Mir scheint dieses „Sagen, was man will“-Ding abwegig, solange der Sex im Grunde in Ordnung ist. Lieber habe ich einen Mann, der sich wohlfühlt und ein bisschen daneben greift, als einen, der total verkrampft und meint, aus gemeinsamem Sex ein Turnier machen zu müssen. Und wenn etwas wirklich gar nicht zusammenpasst, dann lässt sich das mit etwas Zeit auch nonverbal lösen. Hat bisher immer funktioniert – solange es nicht um Probleme ging, die sich unserer Meinung nach gar nicht lösen lassen.

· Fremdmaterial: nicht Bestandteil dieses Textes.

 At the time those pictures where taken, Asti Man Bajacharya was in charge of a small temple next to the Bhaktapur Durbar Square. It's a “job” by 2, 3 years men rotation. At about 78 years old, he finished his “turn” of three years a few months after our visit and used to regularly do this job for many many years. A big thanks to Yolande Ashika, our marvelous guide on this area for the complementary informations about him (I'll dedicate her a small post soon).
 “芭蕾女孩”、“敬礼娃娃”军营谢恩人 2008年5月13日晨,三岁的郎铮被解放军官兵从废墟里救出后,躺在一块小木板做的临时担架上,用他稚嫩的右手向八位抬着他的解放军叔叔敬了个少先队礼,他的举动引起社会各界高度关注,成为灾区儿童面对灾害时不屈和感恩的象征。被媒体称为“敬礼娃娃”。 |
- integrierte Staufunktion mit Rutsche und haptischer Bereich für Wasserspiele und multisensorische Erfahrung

Eine Freundin hätte zum Beispiel gerne längeren Sex mit ihrem Partner. Der schafft das dank Wochenendbeziehung leider selten und sie kommt nie zum Orgasmus. Sollte man ihrem Freund wirklich wünschen, dass sie ihn auf sein Zuschnellkommen anspricht? Der arme Kerl wird schon checken, dass seine Freundin das so toll nicht finden kann.

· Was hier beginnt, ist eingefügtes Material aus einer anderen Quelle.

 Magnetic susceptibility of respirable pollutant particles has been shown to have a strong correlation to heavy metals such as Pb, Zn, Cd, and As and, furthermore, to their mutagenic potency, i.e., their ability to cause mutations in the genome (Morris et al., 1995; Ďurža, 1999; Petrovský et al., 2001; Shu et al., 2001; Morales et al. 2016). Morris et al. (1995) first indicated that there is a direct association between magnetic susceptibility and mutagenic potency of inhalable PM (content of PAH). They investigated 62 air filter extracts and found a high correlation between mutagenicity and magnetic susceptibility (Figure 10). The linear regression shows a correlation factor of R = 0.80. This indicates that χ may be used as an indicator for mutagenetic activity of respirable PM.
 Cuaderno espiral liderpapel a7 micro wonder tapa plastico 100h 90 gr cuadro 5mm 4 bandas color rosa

Ein ganz anderes Problem ist natürlich, was du mit deiner Internet-Recherche rausgefunden hast: Viele von uns wissen gar nicht so genau, was ihnen gut gefallen könnte. Das macht die ganze „Sagen, was wir wollen“-Geschichte deutlich komplizierter und wenn man so will: hoch-ironisch. Wir Frauen haben da unten selbst eine Menge zu erforschen, das lange tabuisiert wurde, müssen erst einmal herausfinden, wie man es richtig macht. Und das kann dauern! Deshalb bitten wir natürlich auch da unsere Freundinnen um Rat. Die haben ähnliche Erfahrungen mit sich und können uns das Gefühl geben, dass das alles ganz normal ist, was wir da mit oder ohne Partner veranstalten – oder eben sagen, was geholfen hat, als der Orgasmus einfach nicht kommen wollte. Ein heterosexueller Mann ist da nie dabei. Er hat keinen Zugang zu unserem Problem, dafür aber eine viel offensichtlichere biologische Verfassung. Denkt mal daran, wie versteckt unser Kitzler liegt und wie leicht man einen Penis findet. Logisch, bei eurer Ausstattung ist es schwer nachvollziehen, dass wir unsere empfindlichen Punkte suchen und später all dieses Zeug unter uns klären. Männer kommen fast zwangsläufig zum Orgasmus. Und eure Strategien, ihn zu erreichen, ähneln sich doch – gebt es zu – schon sehr.
Außerdem, liebe Jungs, möchte ich darauf hinweisen, dass ihr das mit dem „Sagen, was ihr wirklich wollt“ auch nicht in Perfektion beherrscht. Ich habe nämlich auch versucht, mich schlau zu machen. Wenn man allerdings nach Antworten googelt, warum Frauen Männern nicht sagen, was sie im Bett wollen, findet man vor allem eines: Beschwerden von Frauen, die nicht wissen, was ihre Männer wollen. Deshalb möchte ich euch hier zum Ende einfach den Tipp einer guten Freundin da lassen: „Wer möchte, dass wir ihm sagen, was wir wirklich wollen, soll uns erst mal sagen, was er wirklich will. Vielleicht würden wir uns dann viel mehr trauen.“
Eure Mädchen
Die Autoren dieser Jungsfrage möchten anonym bleiben. Muss ja nicht jeder Details über ihre sexuelle Performance kennen.